[Opening RAW DATA section]

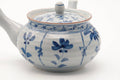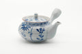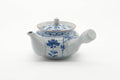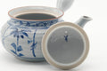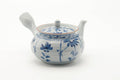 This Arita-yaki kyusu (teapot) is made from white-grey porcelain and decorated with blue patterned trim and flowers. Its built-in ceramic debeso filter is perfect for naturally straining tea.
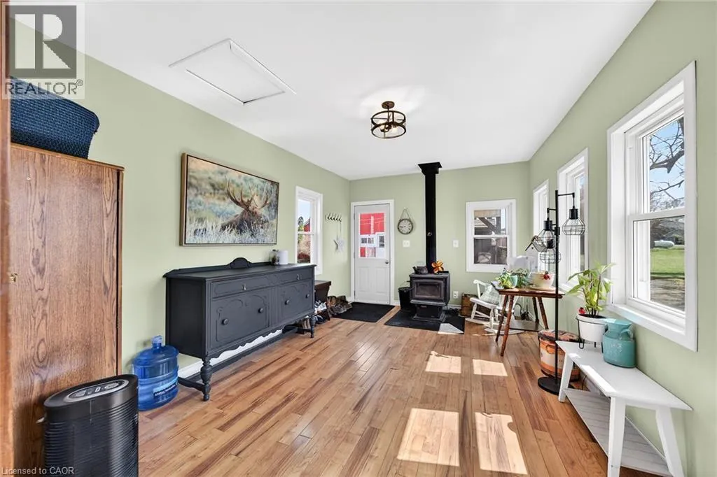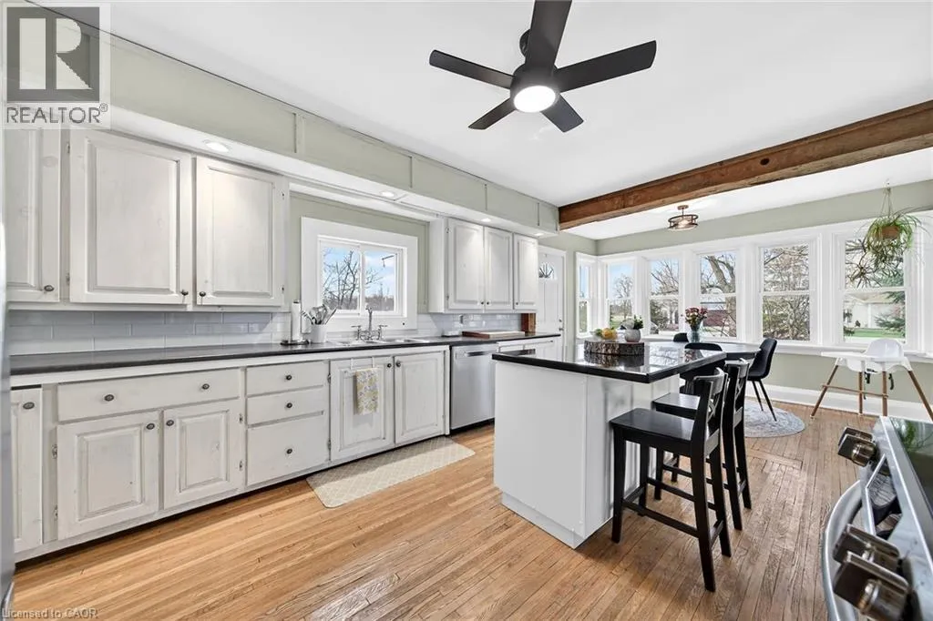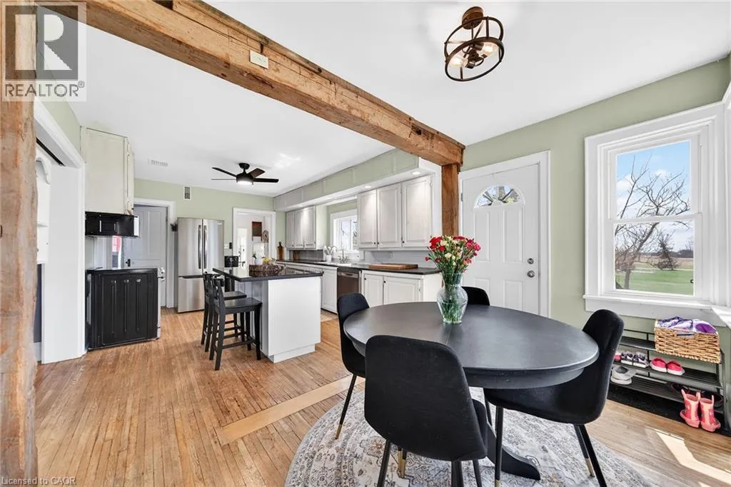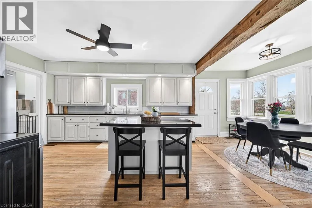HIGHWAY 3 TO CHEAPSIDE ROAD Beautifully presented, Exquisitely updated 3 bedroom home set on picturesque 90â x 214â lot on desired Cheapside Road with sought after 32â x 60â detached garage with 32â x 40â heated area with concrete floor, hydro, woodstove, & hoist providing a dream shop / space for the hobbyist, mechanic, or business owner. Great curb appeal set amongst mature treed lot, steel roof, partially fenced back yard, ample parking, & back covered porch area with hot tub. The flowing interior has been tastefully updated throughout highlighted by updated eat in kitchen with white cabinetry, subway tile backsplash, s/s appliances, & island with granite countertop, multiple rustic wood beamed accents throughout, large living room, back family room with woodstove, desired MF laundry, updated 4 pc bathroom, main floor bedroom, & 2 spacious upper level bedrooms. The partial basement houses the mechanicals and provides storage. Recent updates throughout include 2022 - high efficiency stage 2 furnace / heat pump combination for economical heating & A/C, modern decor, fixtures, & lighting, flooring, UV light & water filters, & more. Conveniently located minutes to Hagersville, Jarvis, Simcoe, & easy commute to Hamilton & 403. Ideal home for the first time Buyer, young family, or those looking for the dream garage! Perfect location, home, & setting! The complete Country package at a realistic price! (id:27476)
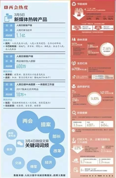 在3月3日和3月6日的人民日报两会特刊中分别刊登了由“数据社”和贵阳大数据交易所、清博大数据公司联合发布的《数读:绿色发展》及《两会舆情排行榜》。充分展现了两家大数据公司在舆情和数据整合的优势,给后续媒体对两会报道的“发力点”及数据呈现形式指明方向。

[Closing RAW DATA section]

Would it be possible to give the material above again exactly, with the pictures left out?

 This Arita-yaki kyusu (teapot) is made from white-grey porcelain and decorated with blue patterned trim and flowers. Its built-in ceramic debeso filter is perfect for naturally straining tea.
HIGHWAY 3 TO CHEAPSIDE ROAD Beautifully presented, Exquisitely updated 3 bedroom home set on picturesque 90â x 214â lot on desired Cheapside Road with sought after 32â x 60â detached garage with 32â x 40â heated area with concrete floor, hydro, woodstove, & hoist providing a dream shop / space for the hobbyist, mechanic, or business owner. Great curb appeal set amongst mature treed lot, steel roof, partially fenced back yard, ample parking, & back covered porch area with hot tub. The flowing interior has been tastefully updated throughout highlighted by updated eat in kitchen with white cabinetry, subway tile backsplash, s/s appliances, & island with granite countertop, multiple rustic wood beamed accents throughout, large living room, back family room with woodstove, desired MF laundry, updated 4 pc bathroom, main floor bedroom, & 2 spacious upper level bedrooms. The partial basement houses the mechanicals and provides storage. Recent updates throughout include 2022 - high efficiency stage 2 furnace / heat pump combination for economical heating & A/C, modern decor, fixtures, & lighting, flooring, UV light & water filters, & more. Conveniently located minutes to Hagersville, Jarvis, Simcoe, & easy commute to Hamilton & 403. Ideal home for the first time Buyer, young family, or those looking for the dream garage! Perfect location, home, & setting! The complete Country package at a realistic price! (id:27476)
 在3月3日和3月6日的人民日报两会特刊中分别刊登了由“数据社”和贵阳大数据交易所、清博大数据公司联合发布的《数读:绿色发展》及《两会舆情排行榜》。充分展现了两家大数据公司在舆情和数据整合的优势,给后续媒体对两会报道的“发力点”及数据呈现形式指明方向。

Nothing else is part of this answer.